▶ _The records_:
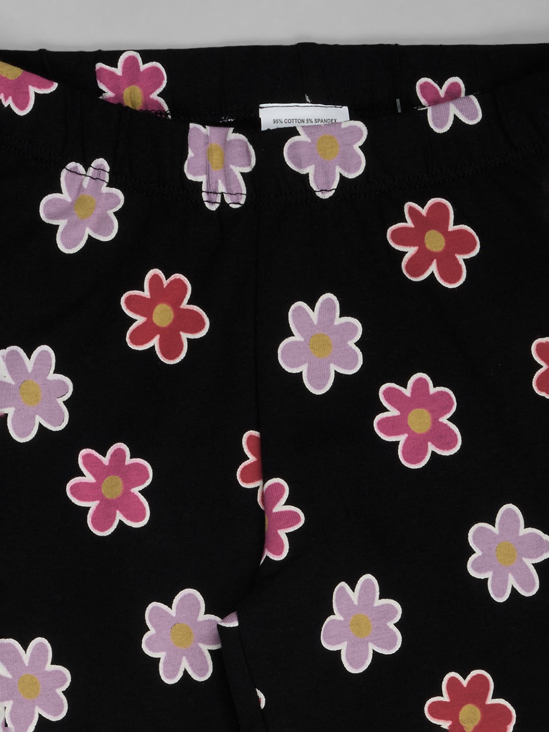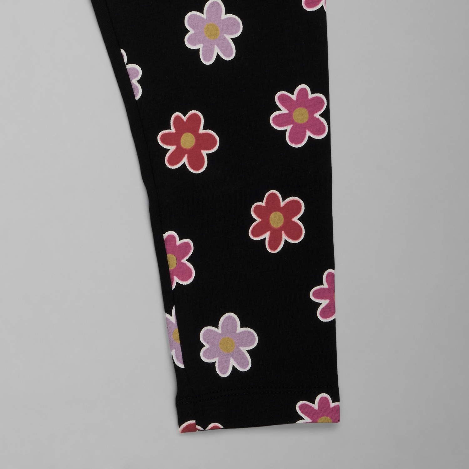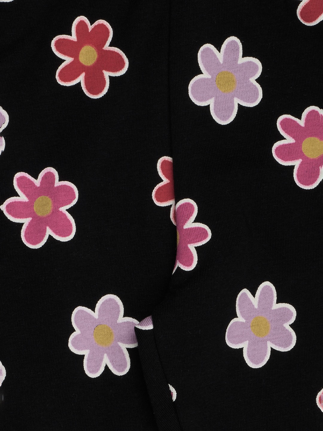 Bright florals bring a playful pop to this everyday essential. Designed with a comfortable elasticated waistband, these leggings feature a soft stretch fit and an all-over floral print that stands out beautifully against the dark base. Easy to move in and gentle on the skin, they’re perfect for sunny days and casual outings.
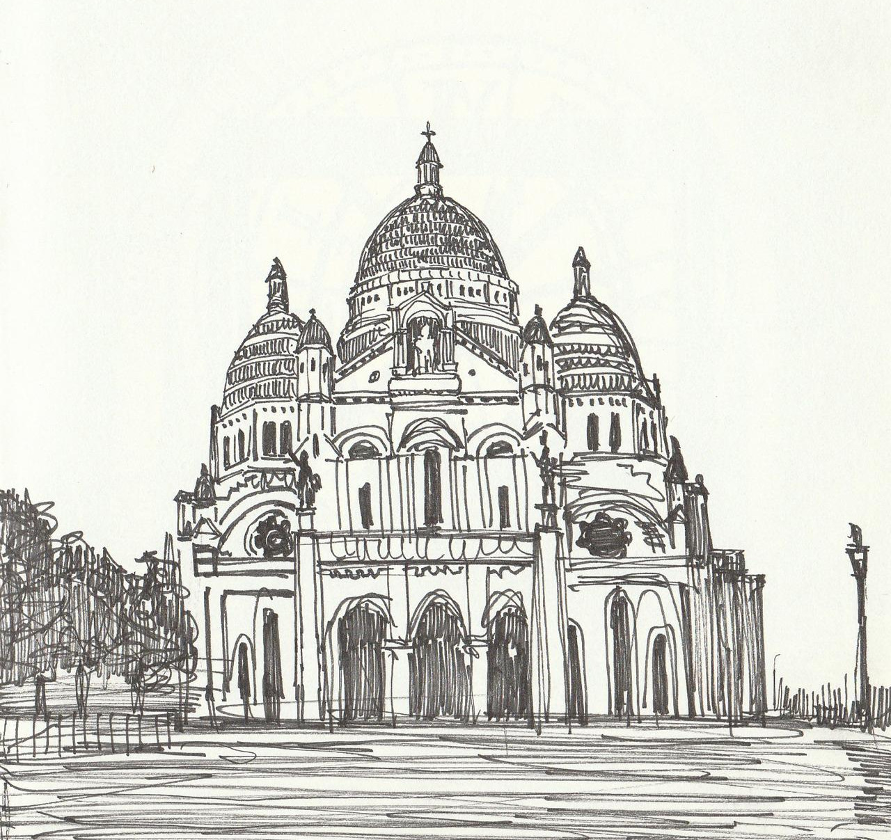 뒤쪽에 웅장하게 보이는 사크라 쾨르 대성당을 다시 바라보고 우리는 올라왔던 길의 반대 방향으로 언덕을 내려왔다. 비도 내리고 관광객들도 많지 않아서 그런지 기념품 상점 들고 문을 하나 둘 닫고 있었다. 빗방울이 더 굵어져 잠시 쉬어가기 위해 근처 카페테라스에 앉아 맥주 한잔을 마시며 주위의 분위기를 다시 둘러보니 우리처럼 자유롭게 카페테라스나 내부에 앉아서 이야기를 나누며 즐기는 사람들이 보였다. 지나가는 차바퀴가 젖은 노면 위를 지나갈 때 나느 소음도 좋았고 옆 건물 지하에서는 알 수 없는 밴드의 라이브 음악이 흘러나오면서 알 수 없는 편안함이 느껴졌다.
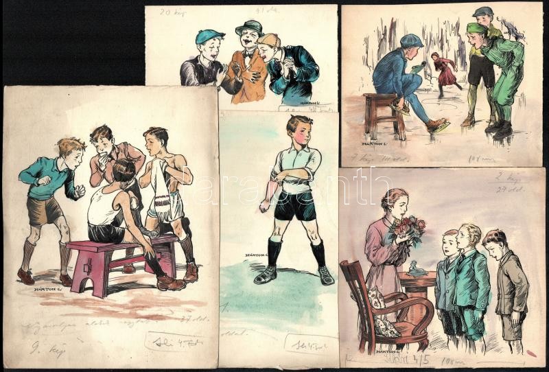 Leírás: Márton Lajos (1831-1953): Illusztrációk (28 db). Tus-akvarell, papír, jelzett, 10×15-22×17 cm
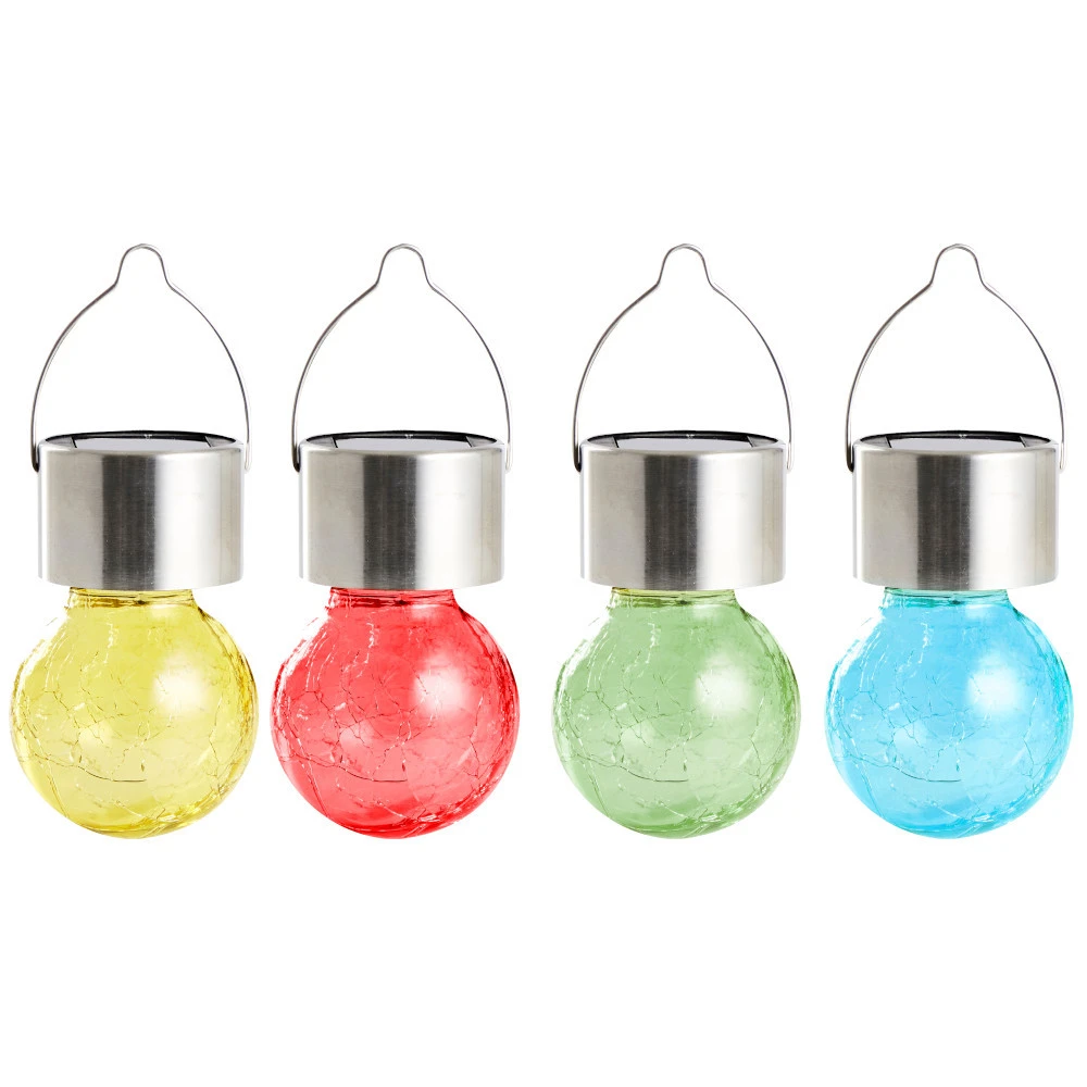 Die solarbetriebene LED-Kugelleuchte aus Crashglas mit warmweißen LED setzt Gartenwege, Blumenbeete oder Pflanzkübel gekonnt in Szene. Verwende die Beleuchtung als dekoratives Orientierungslicht im Außenbereich. Dank des Solarpaneels ist die LED-Leuchtkugel unabhängig von Stromquellen. Somit ist sie eine praktische und umweltfreundliche Gartenbeleuchtung. Dank dem Aufhänghaken kannst du die LED-Beleuchtung überall aufhängen. Die dafür benötigten 2 x 1,2V AA- Batterien sind im Lieferumfang enthalten. Erhältlich ist die Solarlampe in vier verschiedenen Farben, eine freie Farbauswahl ist nicht möglich.
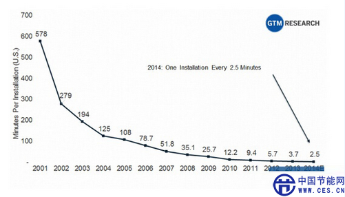 近日,美國市場研究機(jī)構(gòu)GTM Research最新報告指出,近年來美國光伏市場成長快速。2013年平均每3.7分鐘安裝一組光伏系統(tǒng),而2014年則成長到平均每2.5分鐘,就完成一組光伏系統(tǒng)的安裝,裝機(jī)整體投資額相當(dāng)于15億美元。
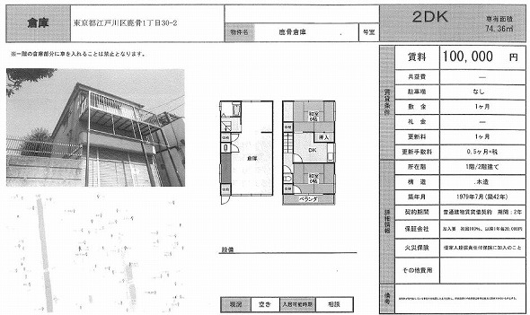 所在地 東京都江戸川区 鹿骨1丁目30-2  鹿骨倉庫
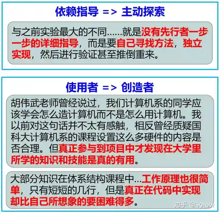 在一款功能完整的芯片,有一些关键模块的原理是课堂上没有详细介绍的,学生要正确地实现这些模块,需要一个探索的过程。这意味着学生不能像课程作业那样按部就班地完成,而是会经历设计方案的调整,甚至是整个方案的推倒重来。这容易导致学生感到焦虑或沮丧,因此教师需要对学生的心态进行正确的引导,告诉他们不确定性是探索过程中的客观规律,然后引导学生去总结探索失败的经验,去深刻地分析当前方案不可行的原因,从而加深对问题的理解,让学生正确认识到探索失败的意义。
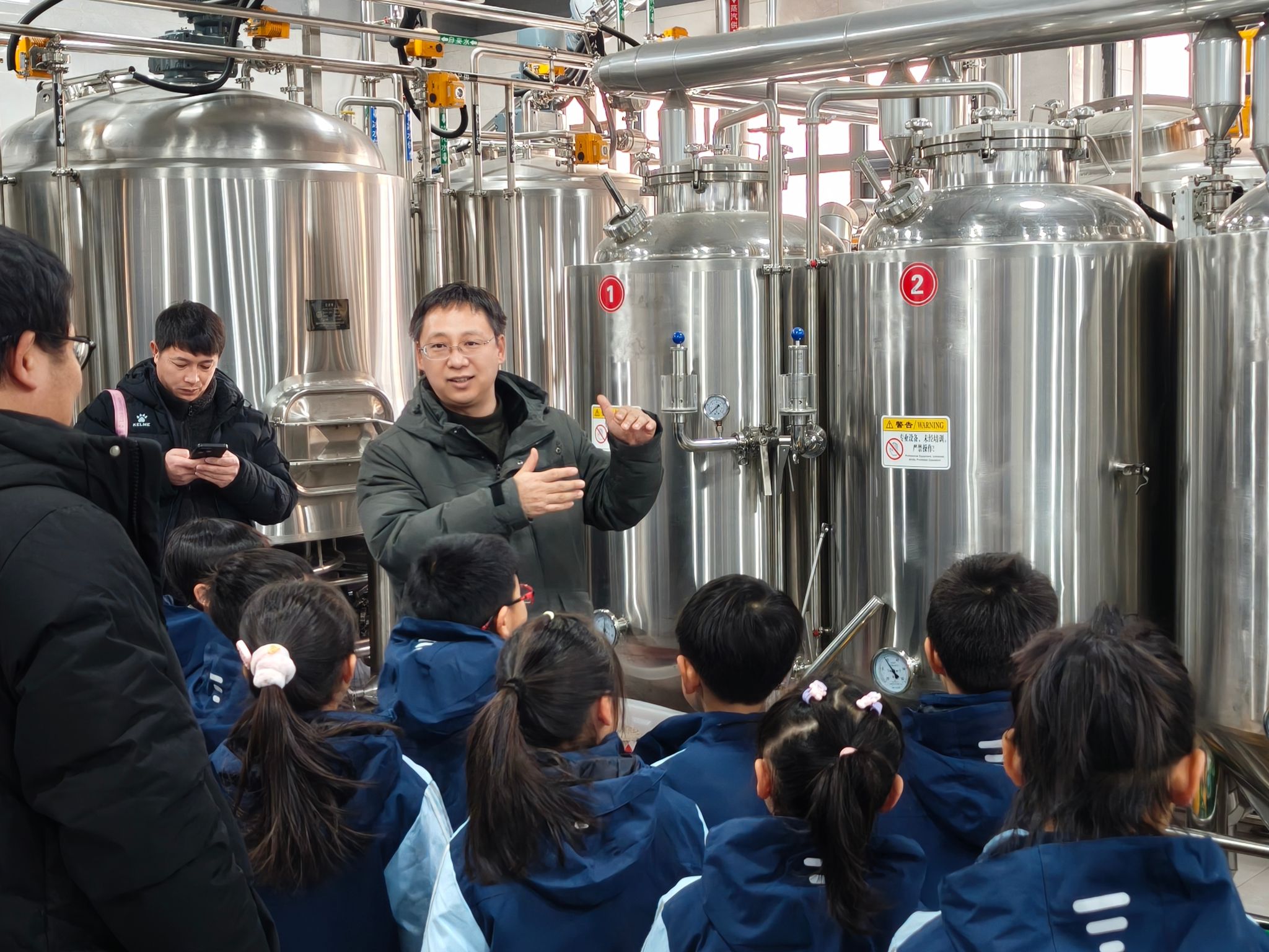 河南省应用微生物工程研究中心的啤酒酿造平台,张彭湃老师和李华老师带领孩子们了解啤酒生产的全过程,从原料处理到发酵工艺,每一个环节都充满了科学和技术的魅力。参观实验室不仅激发了孩子们探究科学知识的兴趣,还受到了科学工作者们专注研究、不畏艰苦的精神感召,家长陪同孩子们听得津津有味、意犹未尽。

▶ _Task prompt_: For this exercise, write the listing out again exactly, excluding all images.

▶ _Solution below_:
 Bright florals bring a playful pop to this everyday essential. Designed with a comfortable elasticated waistband, these leggings feature a soft stretch fit and an all-over floral print that stands out beautifully against the dark base. Easy to move in and gentle on the skin, they’re perfect for sunny days and casual outings.
 뒤쪽에 웅장하게 보이는 사크라 쾨르 대성당을 다시 바라보고 우리는 올라왔던 길의 반대 방향으로 언덕을 내려왔다. 비도 내리고 관광객들도 많지 않아서 그런지 기념품 상점 들고 문을 하나 둘 닫고 있었다. 빗방울이 더 굵어져 잠시 쉬어가기 위해 근처 카페테라스에 앉아 맥주 한잔을 마시며 주위의 분위기를 다시 둘러보니 우리처럼 자유롭게 카페테라스나 내부에 앉아서 이야기를 나누며 즐기는 사람들이 보였다. 지나가는 차바퀴가 젖은 노면 위를 지나갈 때 나느 소음도 좋았고 옆 건물 지하에서는 알 수 없는 밴드의 라이브 음악이 흘러나오면서 알 수 없는 편안함이 느껴졌다.
 Leírás: Márton Lajos (1831-1953): Illusztrációk (28 db). Tus-akvarell, papír, jelzett, 10×15-22×17 cm
 Die solarbetriebene LED-Kugelleuchte aus Crashglas mit warmweißen LED setzt Gartenwege, Blumenbeete oder Pflanzkübel gekonnt in Szene. Verwende die Beleuchtung als dekoratives Orientierungslicht im Außenbereich. Dank des Solarpaneels ist die LED-Leuchtkugel unabhängig von Stromquellen. Somit ist sie eine praktische und umweltfreundliche Gartenbeleuchtung. Dank dem Aufhänghaken kannst du die LED-Beleuchtung überall aufhängen. Die dafür benötigten 2 x 1,2V AA- Batterien sind im Lieferumfang enthalten. Erhältlich ist die Solarlampe in vier verschiedenen Farben, eine freie Farbauswahl ist nicht möglich.
 近日,美國市場研究機(jī)構(gòu)GTM Research最新報告指出,近年來美國光伏市場成長快速。2013年平均每3.7分鐘安裝一組光伏系統(tǒng),而2014年則成長到平均每2.5分鐘,就完成一組光伏系統(tǒng)的安裝,裝機(jī)整體投資額相當(dāng)于15億美元。
 所在地 東京都江戸川区 鹿骨1丁目30-2  鹿骨倉庫
 在一款功能完整的芯片,有一些关键模块的原理是课堂上没有详细介绍的,学生要正确地实现这些模块,需要一个探索的过程。这意味着学生不能像课程作业那样按部就班地完成,而是会经历设计方案的调整,甚至是整个方案的推倒重来。这容易导致学生感到焦虑或沮丧,因此教师需要对学生的心态进行正确的引导,告诉他们不确定性是探索过程中的客观规律,然后引导学生去总结探索失败的经验,去深刻地分析当前方案不可行的原因,从而加深对问题的理解,让学生正确认识到探索失败的意义。
 河南省应用微生物工程研究中心的啤酒酿造平台,张彭湃老师和李华老师带领孩子们了解啤酒生产的全过程,从原料处理到发酵工艺,每一个环节都充满了科学和技术的魅力。参观实验室不仅激发了孩子们探究科学知识的兴趣,还受到了科学工作者们专注研究、不畏艰苦的精神感召,家长陪同孩子们听得津津有味、意犹未尽。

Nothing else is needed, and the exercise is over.